SVGs I could fix by embedding them directly into my page, which sucks, but it's an option. For the other images, I don't knoww.

I have the light and dark mode alternatives in different source paths, and use display: none; to hide them depending on the chosen color scheme:

img[src^="/assets/img/dark"],
img[src^="/assets/img/dark"] + figcaption {
  display: none;
}


@media (prefers-color-scheme: dark) {
  img[src^="/assets/img/dark"],
  img[src^="/assets/img/dark"] + figcaption {
    display: inherit;
  }

  img[src^="/assets/img/light"],
  img[src^="/assets/img/light"] + figcaption {
    display: none;
  }
}

I talk about this a little bit in this post.

[OP] chrismorgan | 2 hours ago

<picture> has the advantage that it definitely doesn’t need to download more than one source.

Your approach may download both images, and will definitely present both in a non-CSS environment.

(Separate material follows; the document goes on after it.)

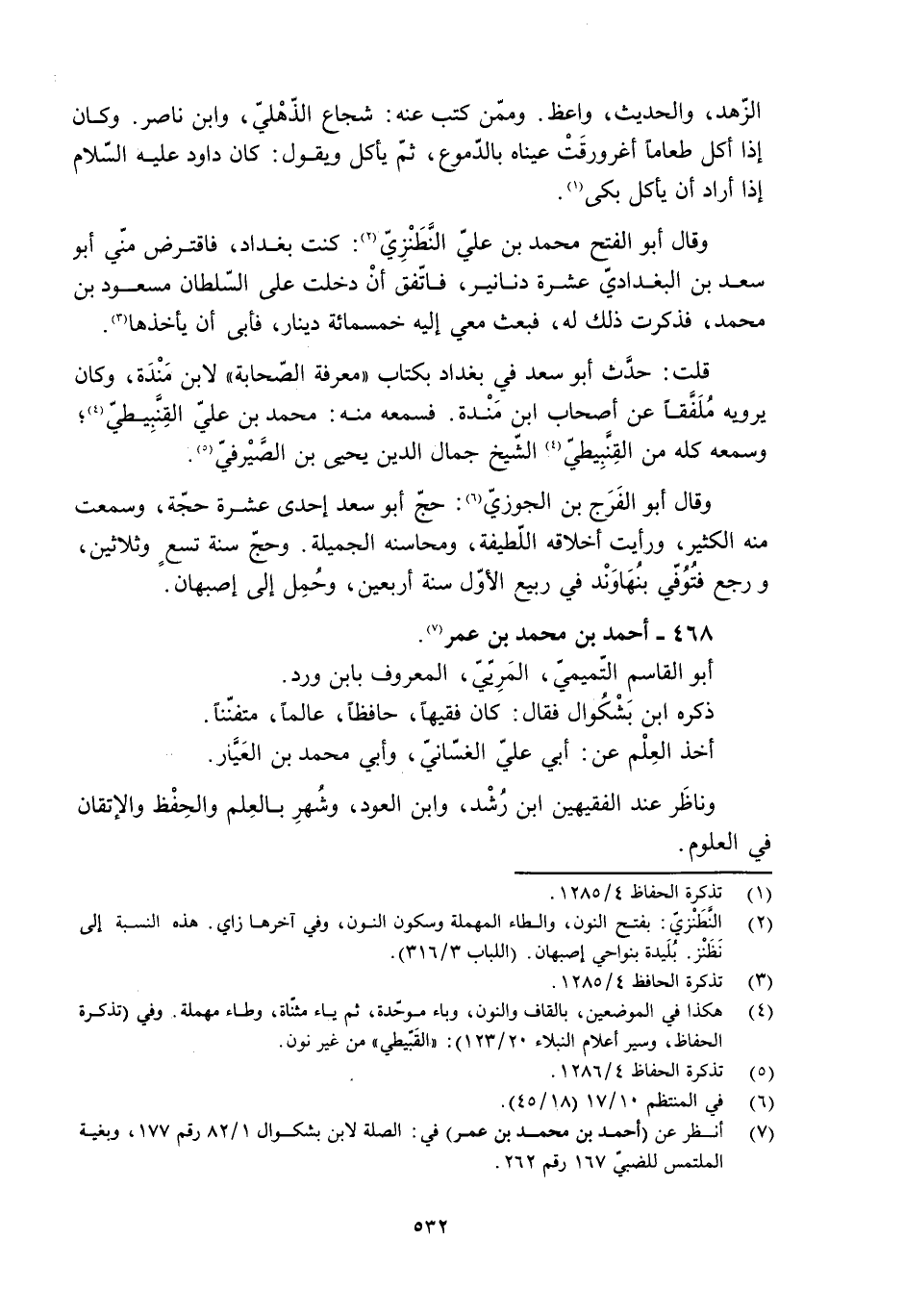 [2] النّطنزيّ: بفتح النون، والطاء المهملة وسكون النون، وفي آخرها زاي. هذه النسبة إلى نطنز. بليدة بنواحي أصبهان. (اللباب 3/ 316) .

[OP] chrismorgan | 18 hours ago

In the previous iteration of my website, which came in the fairly early days of (prefers-color-scheme), I required JS to manually select a theme, and the JS would then rewrite media attributes (for stylesheets or picture sources) from screen and (prefers-color-scheme: dark) to either screen (when dark; always matches on screens) or not all (when light; never matches). I described the approach in some detail: https://chrismorgan.info/blog/dark-theme-implementation/.

If I start wanting different sources for light and dark images again, I’ll probably resurrect that, and just live with the sad reality that image sources may mismatch, sans-JS.

Fundamentally I think we still need one more piece. The media attribute doesn’t cut it because of being global. But I think a container attribute would be a hard sell since you couldn’t find the source to use until you’ve started rendering. I’m not sure if it will be solved any time soon.